In terminal 1, subscriber_lambda shows all messages it got from the publisher. None is lost.

When running this test on the RPi2, I still can see the memory increasing using publish frequencies from 62Hz.

Any ideas why this could be happening?

malsbat commented 5 years ago

Thanks for the report, I will investigate.

malsbat commented 5 years ago

@mauropasse, I suspect what is happening is that the DPS node thread is getting starved and the callbacks to free the allocated publish requests are backing up. The follow up question to answer is why your log shows the publisher is using up half the CPU. I'm continuing to investigate...

malsbat commented 5 years ago

@mauropasse, https://github.com/ros2/rmw_dps/pull/35 should address the memory growth.
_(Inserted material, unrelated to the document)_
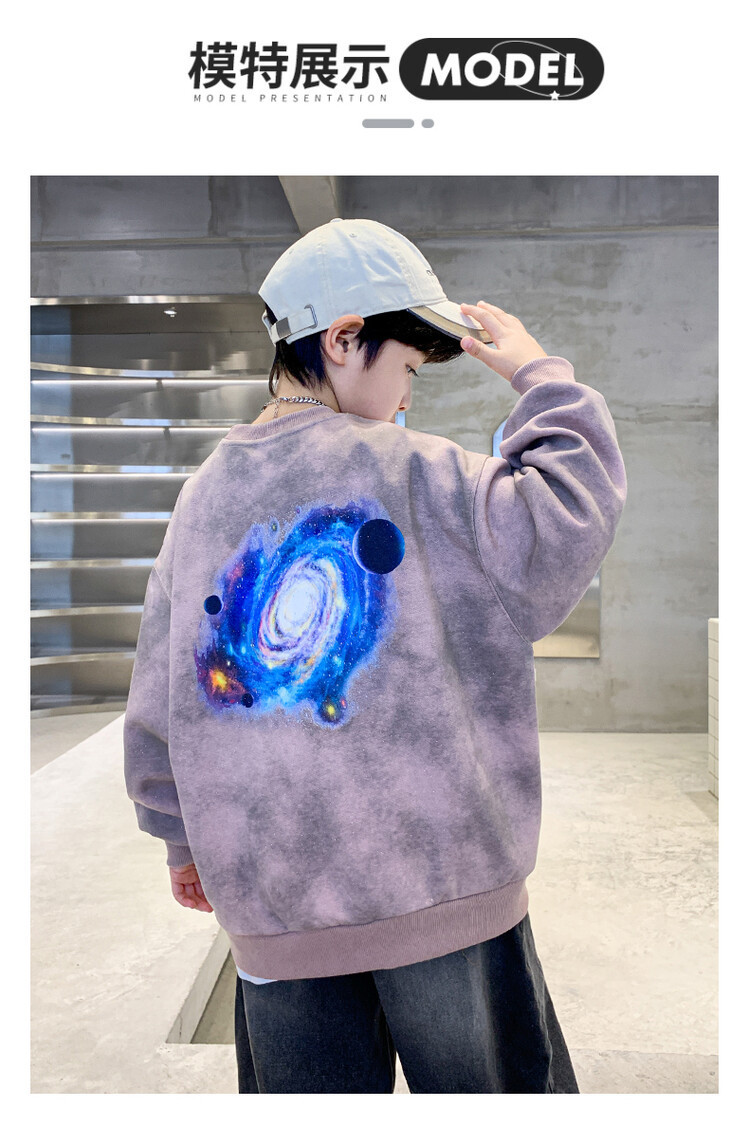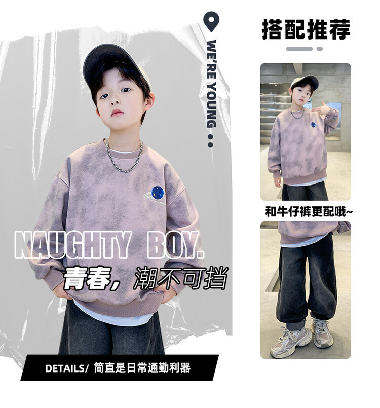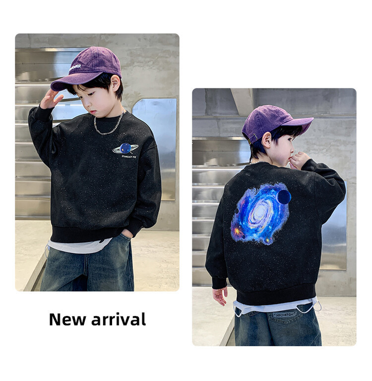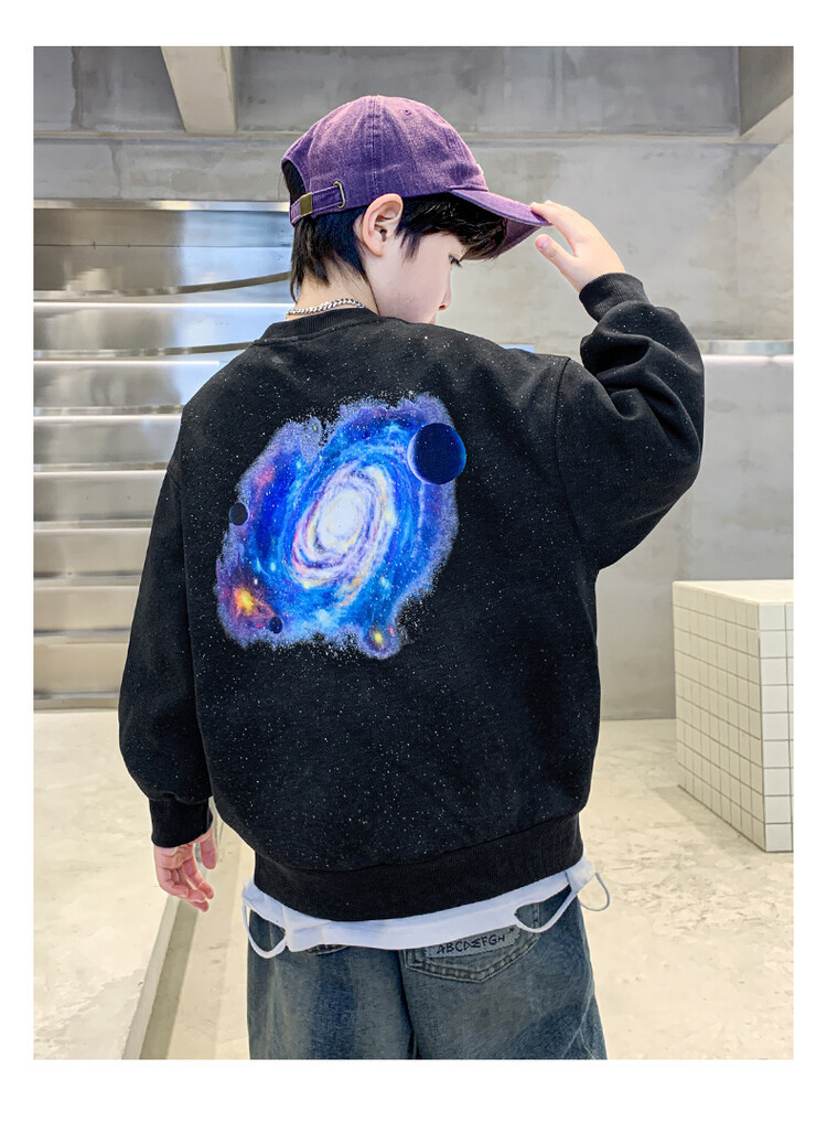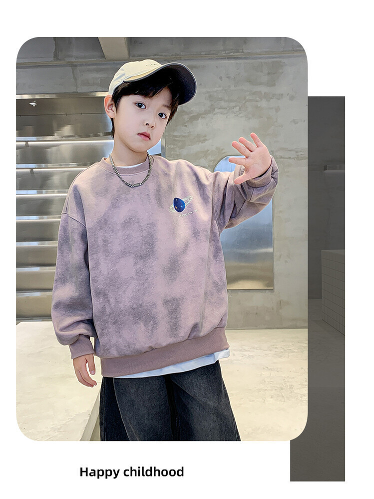 국경 소년들의 반사 땀 유행 가을 의류 한국 스타일 어린이 느슨한 스포츠 라운드 넥 긴 소매 탑 가을 어린이 의류스토어 가기

Please let me know.

mauropasse commented 5 years ago

Thanks for solving it so fast @malsbat! It works perfect now. Tested in x86_64 and RPi and no more memory issues due high rate publishing. Closing the issue here.

mauropasse commented 5 years ago

@malsbat, if the node is configured in rmw_node.cpp to only receive multicast messages the app crashes:

ret = DPS_StartNode(node_impl->node_, DPS_MCAST_PUB_ENABLE_RECV, 0);

./subscriber_lambda 
terminate called after throwing an instance of 'rclcpp::exceptions::RCLError'
  what():  failed to publish message: error not set, at /root/ros2_ws/src/ros2/rcl/rcl/src/rcl/publisher.c:257
Aborted (core dumped)
malsbat commented 5 years ago

@mauropasse, I noticed this late yesterday as well doing some experiments on the CPU usage of multicast. The issue is in DPS, the publish callback reports an error if there were no destinations to publish to, when it should only report failure if it there were destinations and no publish succeeded.

I'm going to merge the PR since it addresses the memory issue.

mauropasse commented 5 years ago

Ok, thanks @malsbat

malsbat commented 5 years ago

@mauropasse, a fix for the failing publish is in progress at https://github.com/intel/dps-for-iot/pull/110. Travis seems a bit slow today, I am waiting for the CI builds to pass and then I will merge it.

mauropasse commented 5 years ago

That's great @malsbat! I'll test it soon!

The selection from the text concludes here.